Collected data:

══════════

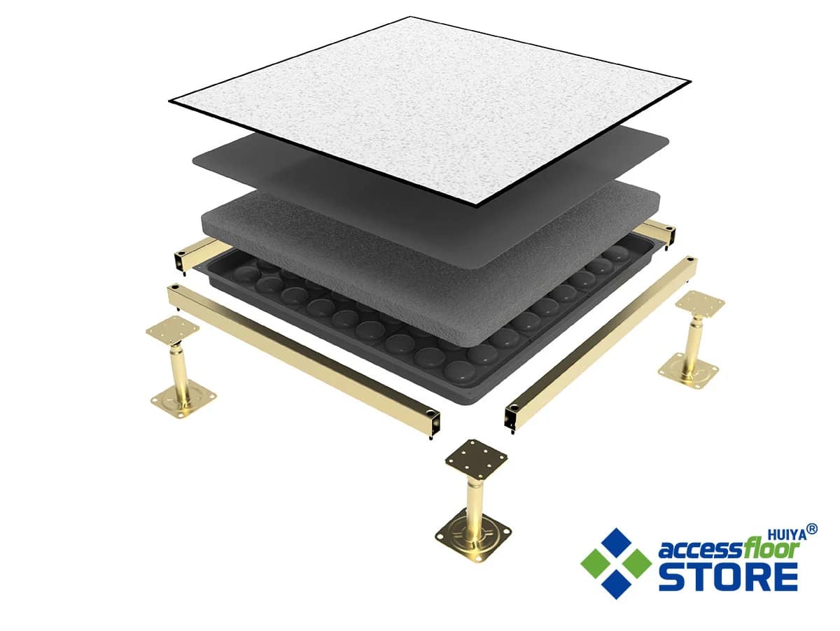 Modular panels typically sized 600×600 mm provide the walking surface and can be finished with materials such as HPL, carpet, or vinyl.
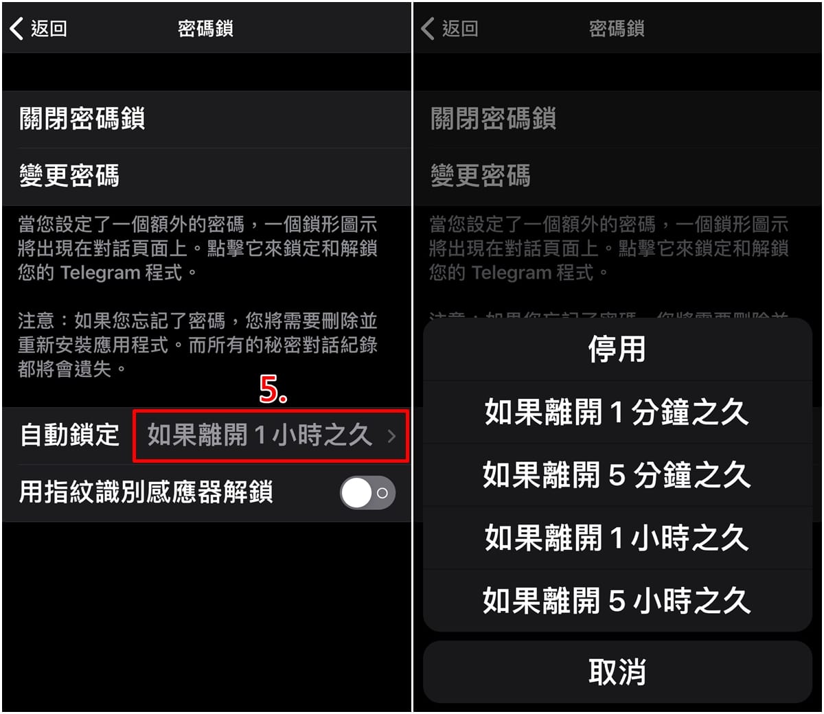 设置好密码后,还可以开启「自动锁定」,选择 Telegeram 闲置多久自动上锁,别人就看不到你的消息了。
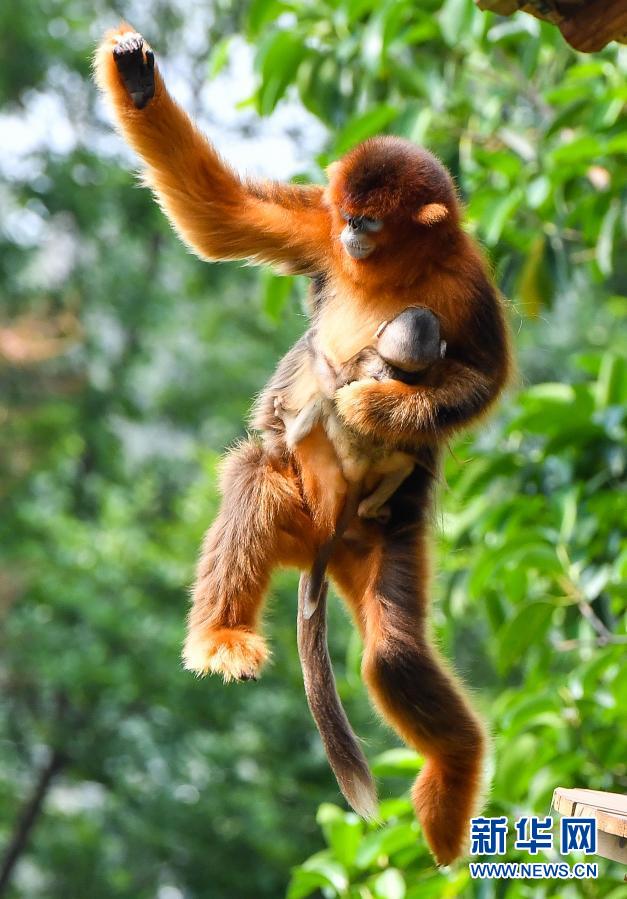 广州长隆川金丝猴幼崽满月亮相
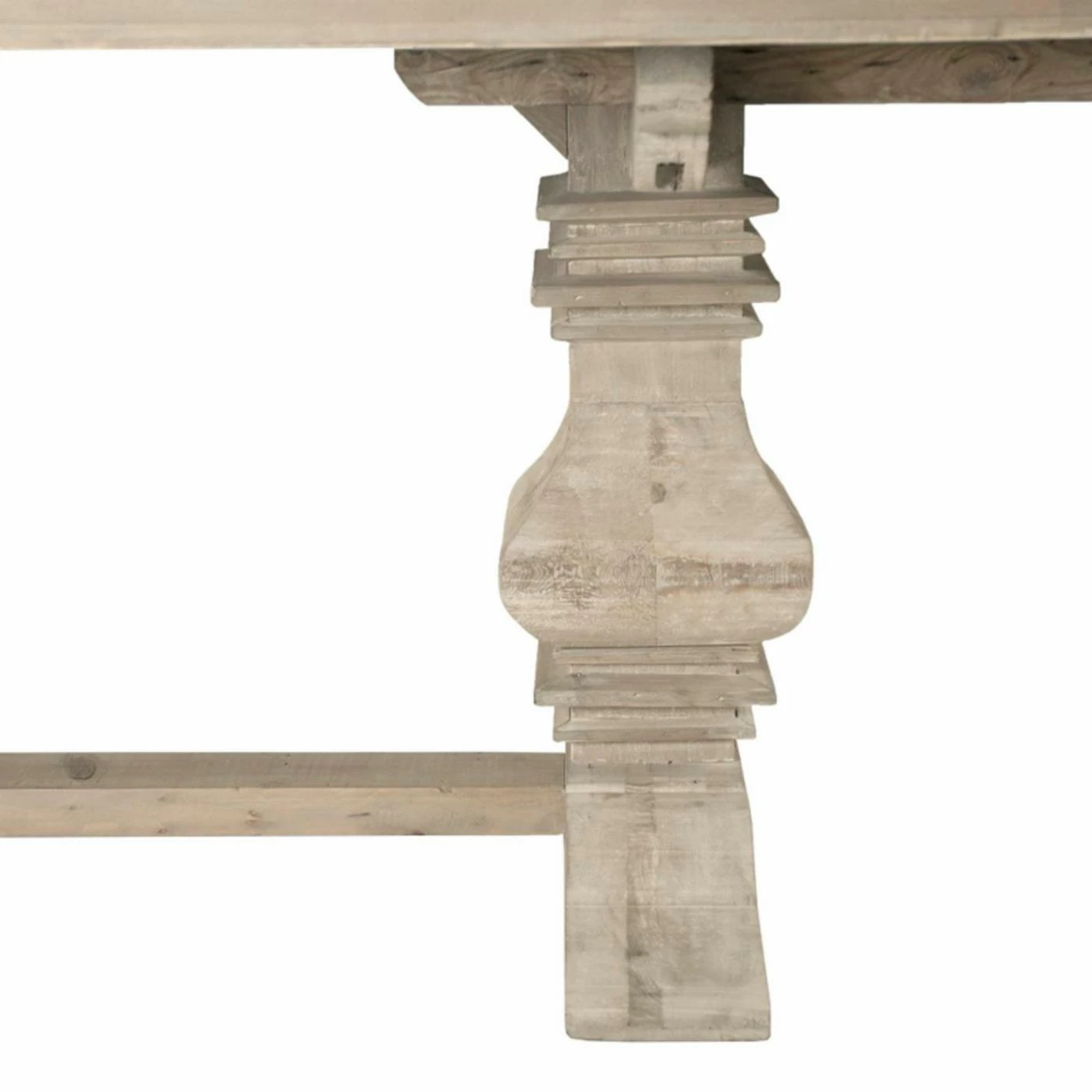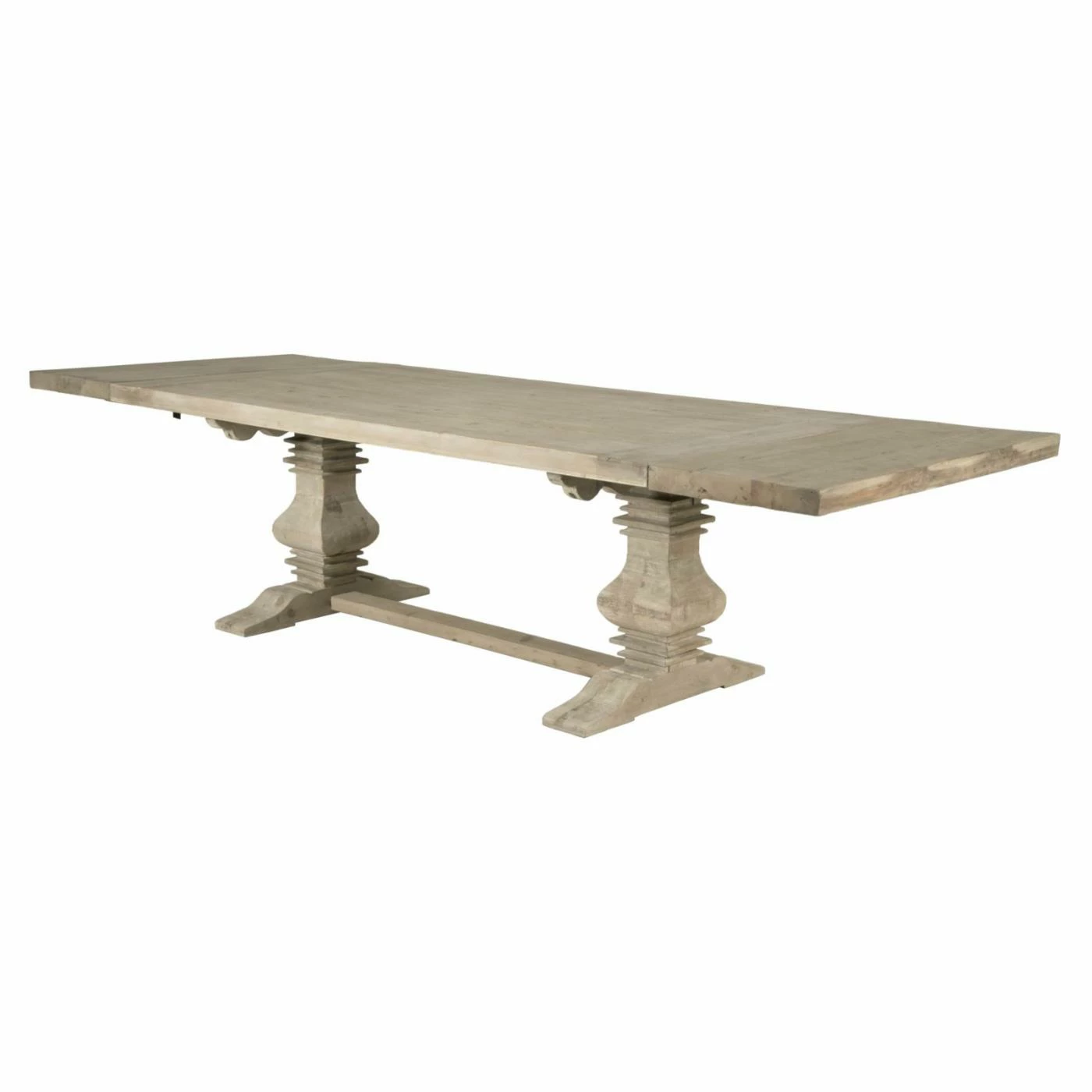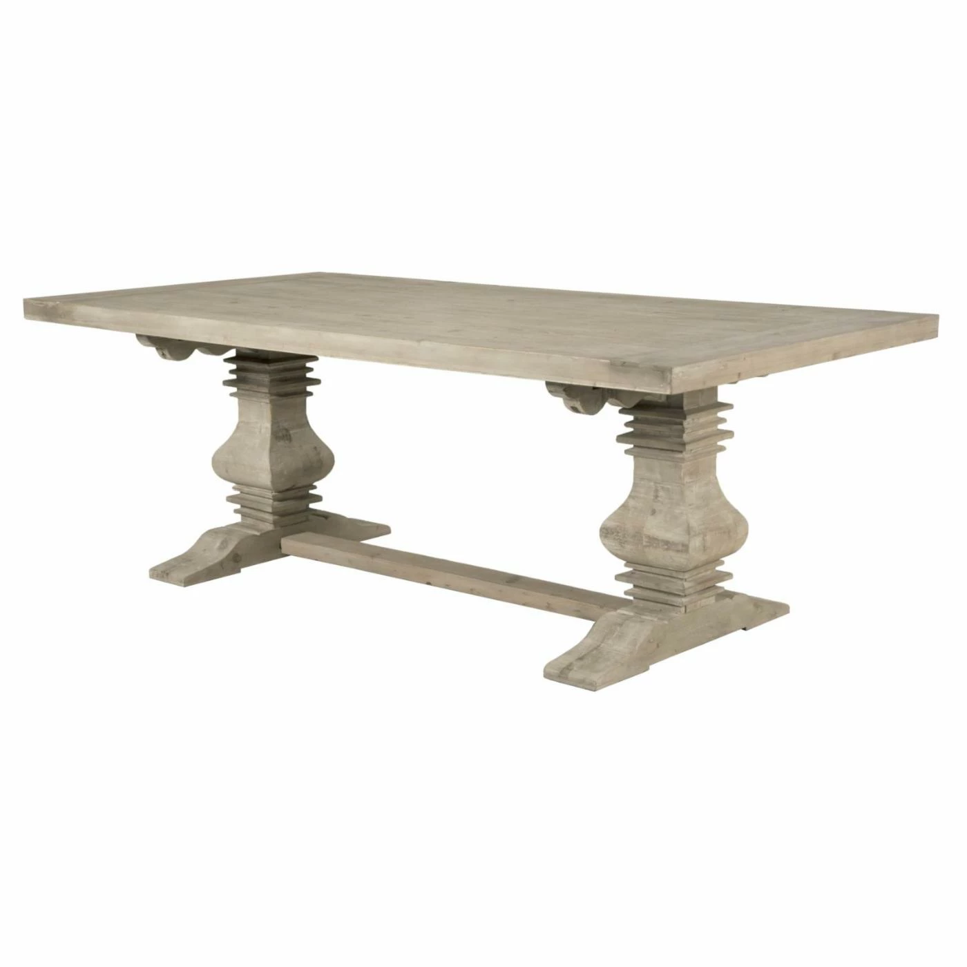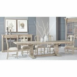 Make family dinners something to remember with the Orient Express Furniture Bella Antique Monastery 5 Piece Dining Set with Colette Dining Chairs. This beautiful dining set includes a rectangular table and four matching chairs, each featuring a simple transitional design carved from fine European pine hardwood. A carved trestle base supports the table, making even simple meals feel like a grand feast. Each chair comes with a graceful violin-style open back and a foam-padded seat, upholstered in white fabric. The chairs are finished in beige while the table is finished in a smoke gray. Two extension leaves are included to expand the table’s surface for special occasions.
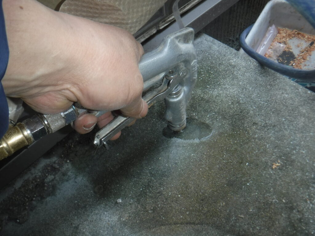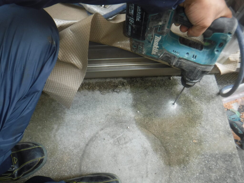 勝手口は被害を受けやすい場所。土間に穴を開けて薬剤を注入
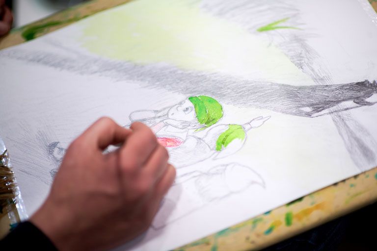 Készül az illusztráció a Manó-zug meséihez (Fotó: Végel Dániel)
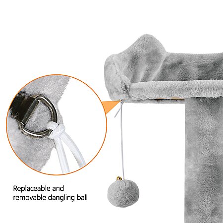 - DANGLING BALL: The cat condo and the top perch hang a ball for more excitement, and you can remove it or replace it with your own balls
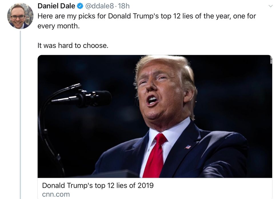 Trump made more than 2,700 false claims this year. (We're still calculating the final total.) Some of them were innocent slips, some of them little exaggerations. But a large number of them were whoppers: deliberate, significant attempts to deceive and manipulate.The breadth of the dishonesty was as striking as the frequency. Trump was inaccurate this year about every conceivable topic, from his dealings with Ukraine to the size of his crowds to, literally, the time of day. He told too many lies for us to confidently pick a single most notable lie of the year. So we've picked our 12 most notable, one for every month. (We're defining notable as some combination of egregious, important and bizarre.)
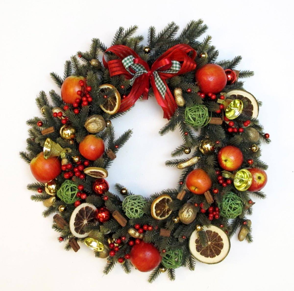 Ключевые элементы для декора венка: сушеные ломтики цитрусов, шишки, зимние ягоды, бутоны цветков, пробки, бусы, ленты, банты, мишура и гирлянды. Венок можно расположить не только на стене или двери, а еще и украсит им люстру, окно, мебель, камин.
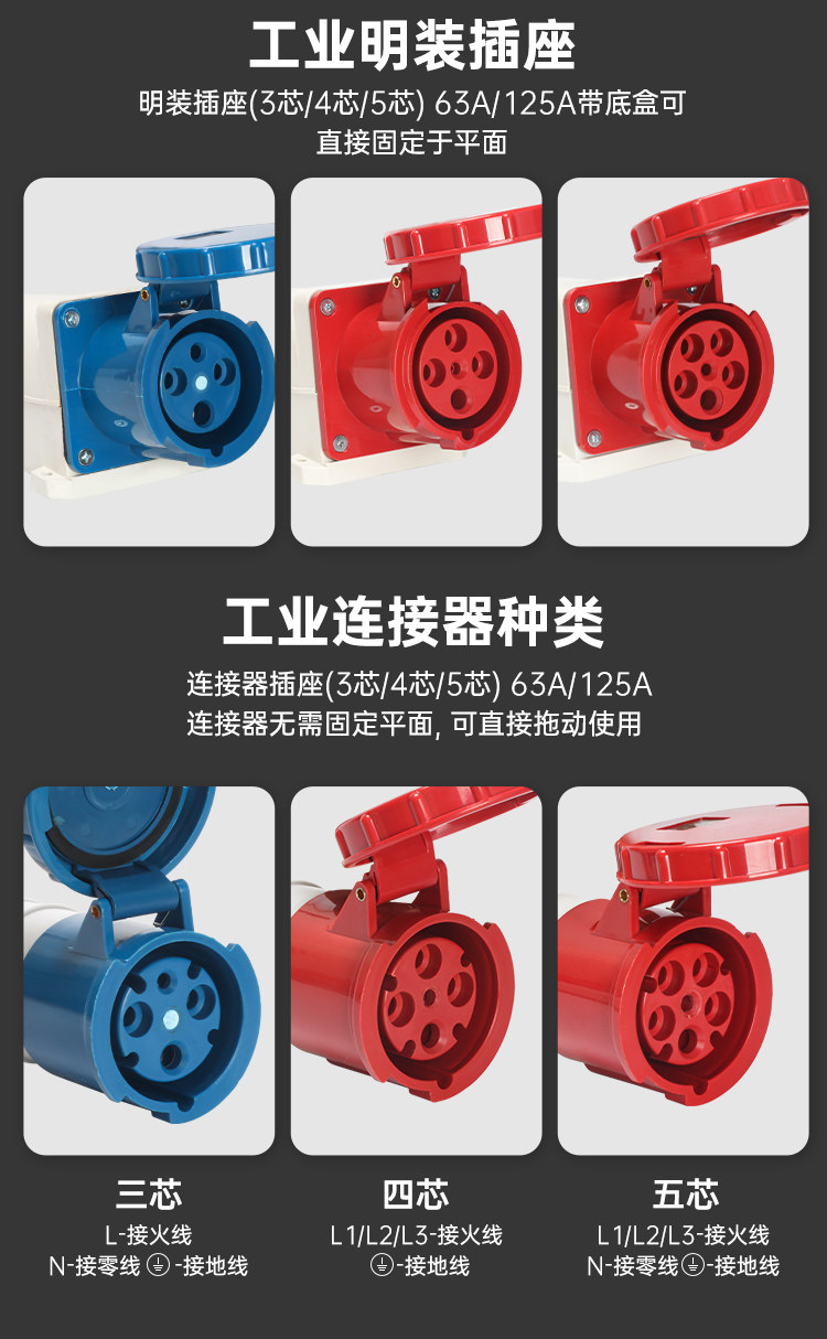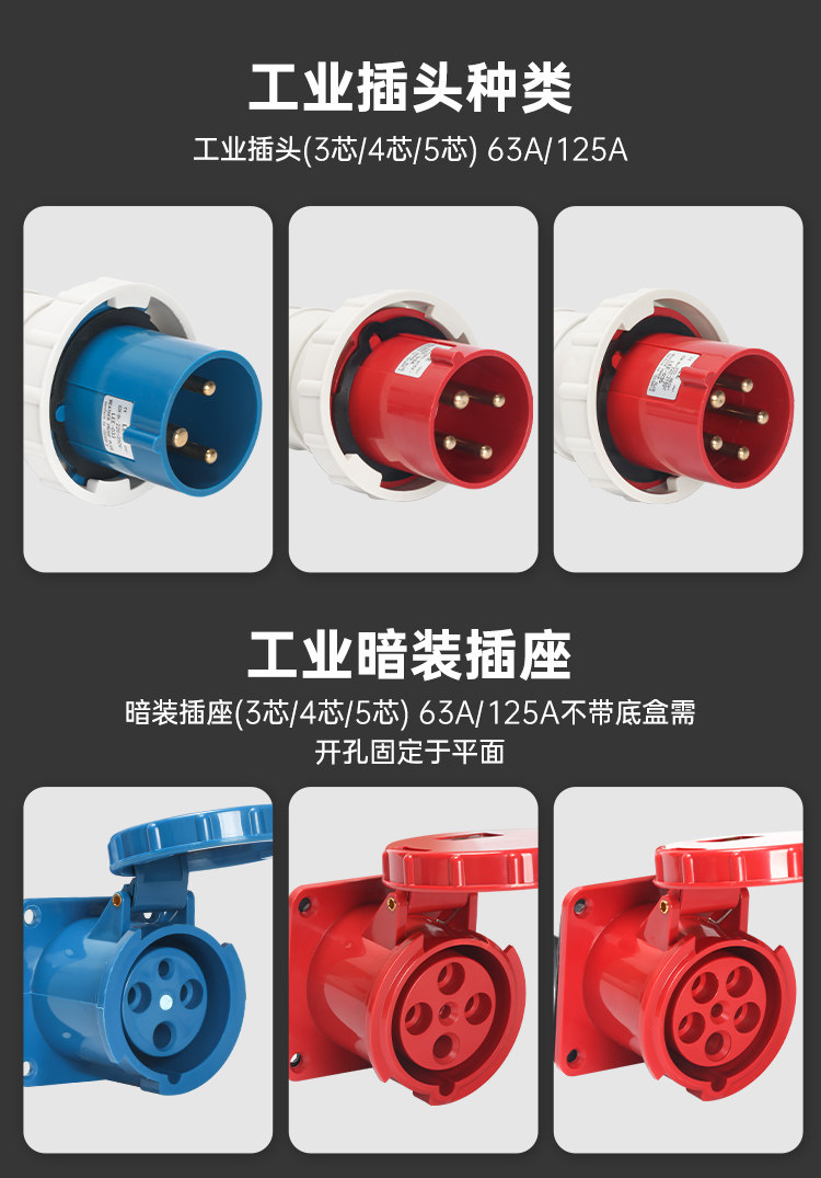 Color Classification Industrial Plug-3 Core-63A,Concealed Socket-3 Core-63A,Connector-3 Core-63A,Surface Mounted Socket-3 Core-63A,Industrial Plug-4 Core-63A,Concealed Socket-4 Core-63A,Connector-4 Core-63A,Surface Mounted Socket-4 Core-63A,Industrial Plug-5 Core-63A,Concealed Socket-5 Core-63A,Connector-5 Core-63A,Surface Mounted Socket-5 Core-63A,Industrial Plug-3 Core-125A,Concealed Socket-3 Core-125A,Connector-3 Core-125A,Surface Mounted Socket-3 Core-125A,Industrial Plug-4 Core-125A,Concealed Socket-4 Core-125A,Connector-4 Core-125A,Surface Mounted Socket-4 Core-125A,Industrial Plug-5 Core-125A,Concealed Socket-5 Core-125A,Connector-5 Core-125A,Surface Mounted Socket-5 Core-125A
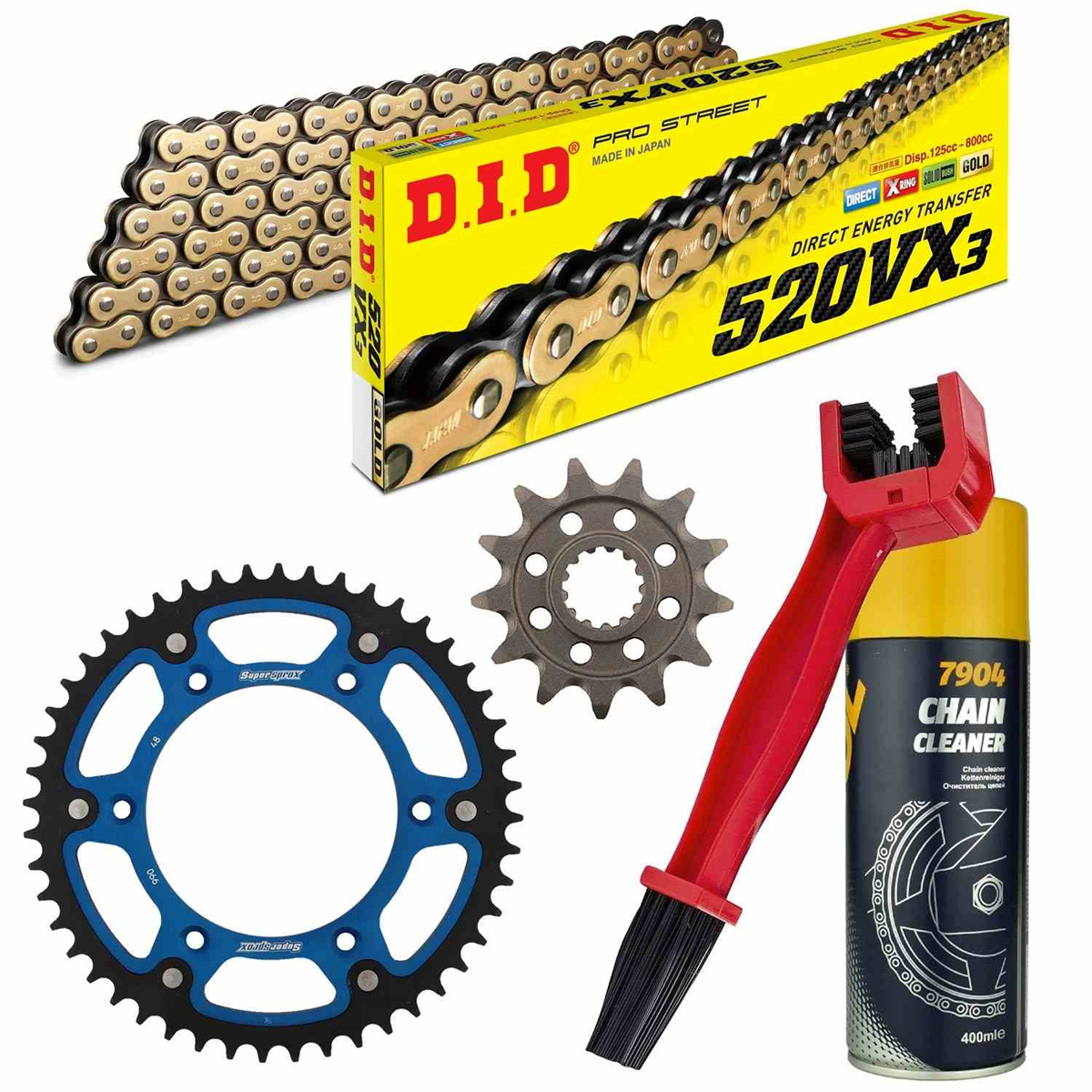 łańcuch: DID 520VX3 G&B PROFESSIONAL (X-ring wzmocniony, [złote ogniwa zewn.]) 114 ogniw + spinka

══════════

WHAT YOU NEED TO DO: Please repeat, exactly as written, the lines in the records above, starting with the one that has "Make family dinners" and going on through the one that has "Trump made more". Pictures are to be left out.

RESPONSE TO THE EXERCISE:
 Make family dinners something to remember with the Orient Express Furniture Bella Antique Monastery 5 Piece Dining Set with Colette Dining Chairs. This beautiful dining set includes a rectangular table and four matching chairs, each featuring a simple transitional design carved from fine European pine hardwood. A carved trestle base supports the table, making even simple meals feel like a grand feast. Each chair comes with a graceful violin-style open back and a foam-padded seat, upholstered in white fabric. The chairs are finished in beige while the table is finished in a smoke gray. Two extension leaves are included to expand the table’s surface for special occasions.
 勝手口は被害を受けやすい場所。土間に穴を開けて薬剤を注入
 Készül az illusztráció a Manó-zug meséihez (Fotó: Végel Dániel)
 - DANGLING BALL: The cat condo and the top perch hang a ball for more excitement, and you can remove it or replace it with your own balls
 Trump made more than 2,700 false claims this year. (We're still calculating the final total.) Some of them were innocent slips, some of them little exaggerations. But a large number of them were whoppers: deliberate, significant attempts to deceive and manipulate.The breadth of the dishonesty was as striking as the frequency. Trump was inaccurate this year about every conceivable topic, from his dealings with Ukraine to the size of his crowds to, literally, the time of day. He told too many lies for us to confidently pick a single most notable lie of the year. So we've picked our 12 most notable, one for every month. (We're defining notable as some combination of egregious, important and bizarre.)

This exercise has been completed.